Discussion in 'Ask an Excel Question' started by Dokat, Dec 22, 2016.

  1. Dokat

    Dokat Member

    Messages:
    163
    Hi,

    I created a data model with 295K rows and 27 columns which comes out to be 17 MB when i ran a power pivot table. After adding another table with 227K row to the data model all sudden data size jumps to over 42 mb? Can anyone advise me on how to reduce the size of the data model...

    Thanks
  2. Hui

    Hui Excel Ninja Staff Member

    Messages:
    10,615
    It really depends on what your doing with it?

    Are you saving it as an Excel Binary file ? (*.xlsb file type)

    Do you need to keep it all in Excel?
    Can it be offloaded to Access or a CSV table and accessed via a Power tool ?
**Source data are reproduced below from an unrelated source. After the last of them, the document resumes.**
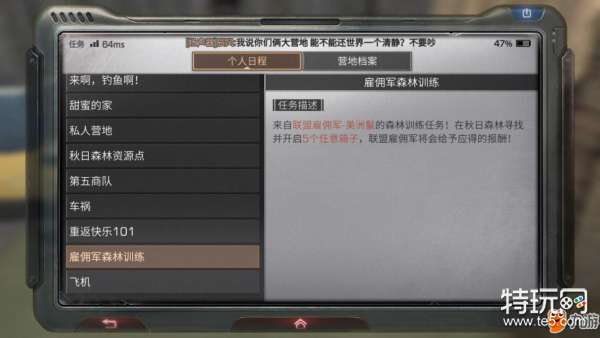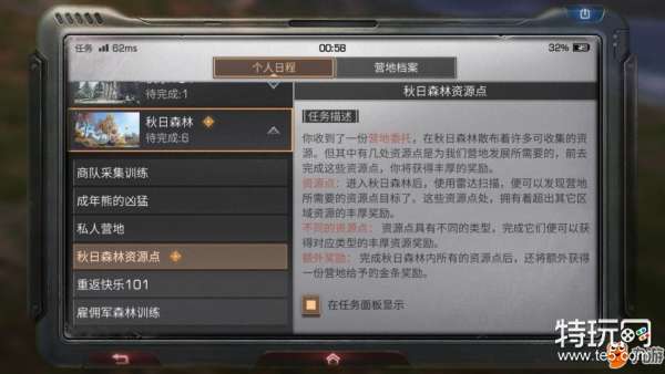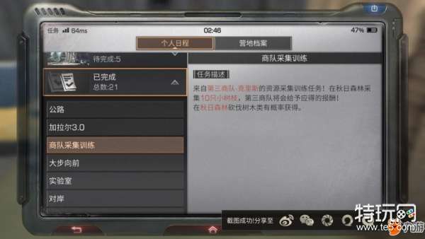 相应的,采集任务不仅可以在秋日森林的悬赏任务里获得,乘坐直升机返回家中以后再从家坐直升机前往101营地,在101营地找到商会,商会的瑞秋旁边有一个任务公告栏,在上面也可以领到采集任务,比如第五商队任务,通过其中的采集任务也可以领取到相应的奖励。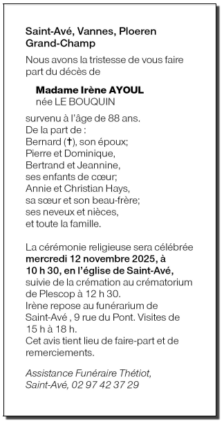 Fallecida en Saint-Avé (56890) el miércoles, 5 de noviembre de 2025 a la edad de 88 años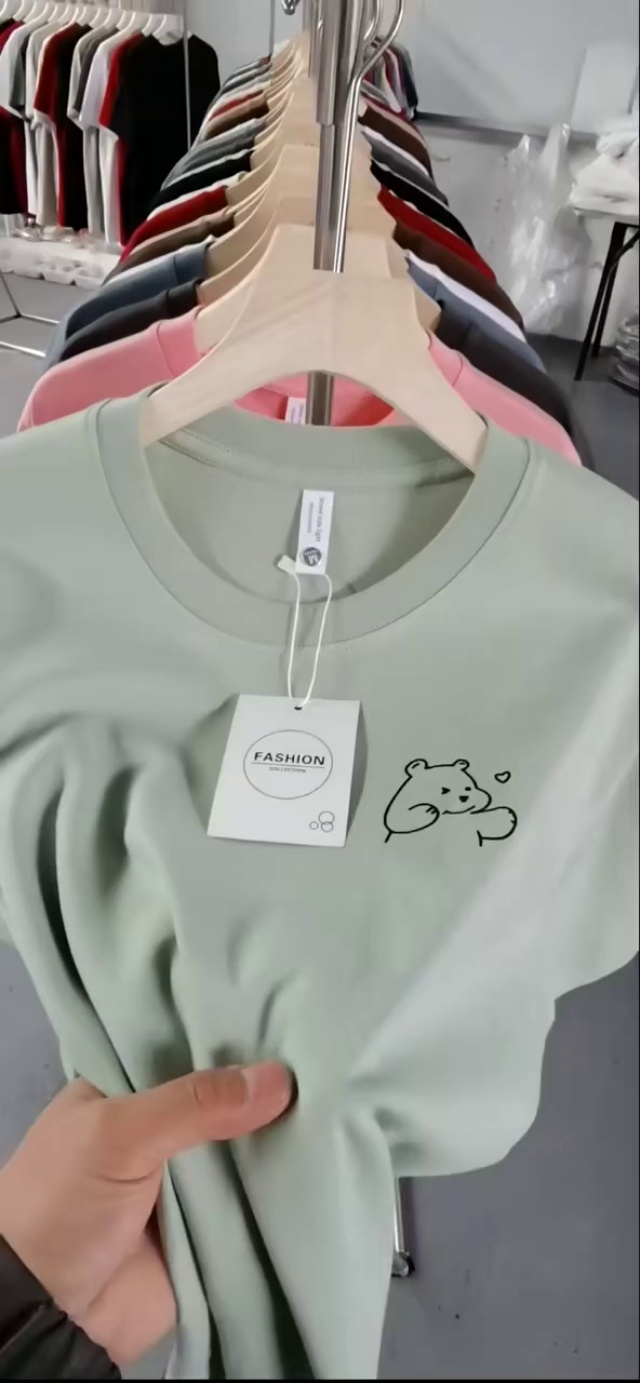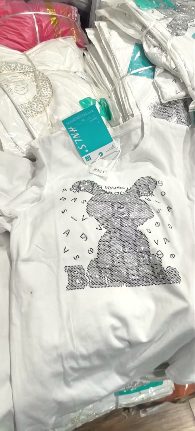220克重工烫钻双纱女士大版体恤100件起批14元

    There are techniques for summarising large tables in Excel that are blindingly fast, so don't let the actual file size worry you, it is the speed that is generally an issue
  3. Dokat

    Dokat Member

    Messages:
    163
    I am saving as .xlsm file as data excel dashboard. Yes i need to keep it all in Excel. Thanks
  4. Hui

    Hui Excel Ninja Staff Member

    Messages:
    10,615
    So what are you trying to achieve ?
  5. NARAYANK991

    NARAYANK991 Excel Ninja

    Messages:
    15,394
  6. Dokat

    Dokat Member

    Messages:
    163
    I am trying to update a excel dashboard....source data is in another excel workbook with data model over 184mb. I am trying to see if there is a way to reduce the size of the excel file so when i update the dashboard file stays under 20 mb.

    Thanks
  7. Hui

    Hui Excel Ninja Staff Member

    Messages:
    10,615
    How often does the data change? Or is it just added to?
    Are there any fields that aren't required?
  8. Dokat

    Dokat Member

    Messages:
    163
    Data changes once a week and yes all columns are required. Thanks
  9. Hui

    Hui Excel Ninja Staff Member

    Messages:
    10,615
    Where does the data come from and how ?
  10. Dokat

    Dokat Member

    Messages:
    163
    From another excel file...Its a data pull from proprietary system
  11. Hui

    Hui Excel Ninja Staff Member

    Messages:
    10,615
    Why can't the dashboard be setup to extract the data from the other file using SQL or other linkages?
  12. Dokat

    Dokat Member

    Messages:
    163
    Hi, i dont have any experience with SQL. Thanks
  13. David Evans

    David Evans Active Member

    Messages:
    577
    Here's your chance to learn a new skill, then!
  14. Dokat

    Dokat Member

    Messages:
    163
  15. David Evans

    David Evans Active Member

    Messages:
    577
    Great! You're in the right place with the right people to get some help looking at your problem from different perspectives. Give us some information on what your data source looks like
    Khalid NGO likes this.
  16. Dokat

    Dokat Member

    Messages:
    163
    It's a excel workbook with 2 sheets. One sheet has 197K rows and 27 columns, the other one has 266K rows and 20 columns. Total size of the workbook is 176 mb. I have a vba code in the spreadsheet thus i have to save the file in /xlsm format. I have a dashboard (another workbook) that uses this workbook as a source file. When i ran pivot table using power pivot data model dashboard size reduces to 46 MB but it is still very large file to open and use. I am open to any recommendations or suggestions you may have. Thank you
    Last edited: Dec 29, 2016
  17. Chihiro

    Chihiro Well-Known Member

    Messages:
    3,577
    A few suggestion.

    1. Reduce data size by performing aggregation prior to loading to data model (PowerQuery, ADODB, MS Query etc)
    2. Use XLSB format instead of XLSM. It will further reduce size.
    3. Check PivotTable Cache and that you don't have unnecessary duplicates
    David Evans likes this.
  18. Dokat

    Dokat Member

    Messages:
    163
    Hi,

    1) How can i perform aggregation prior to loading the data.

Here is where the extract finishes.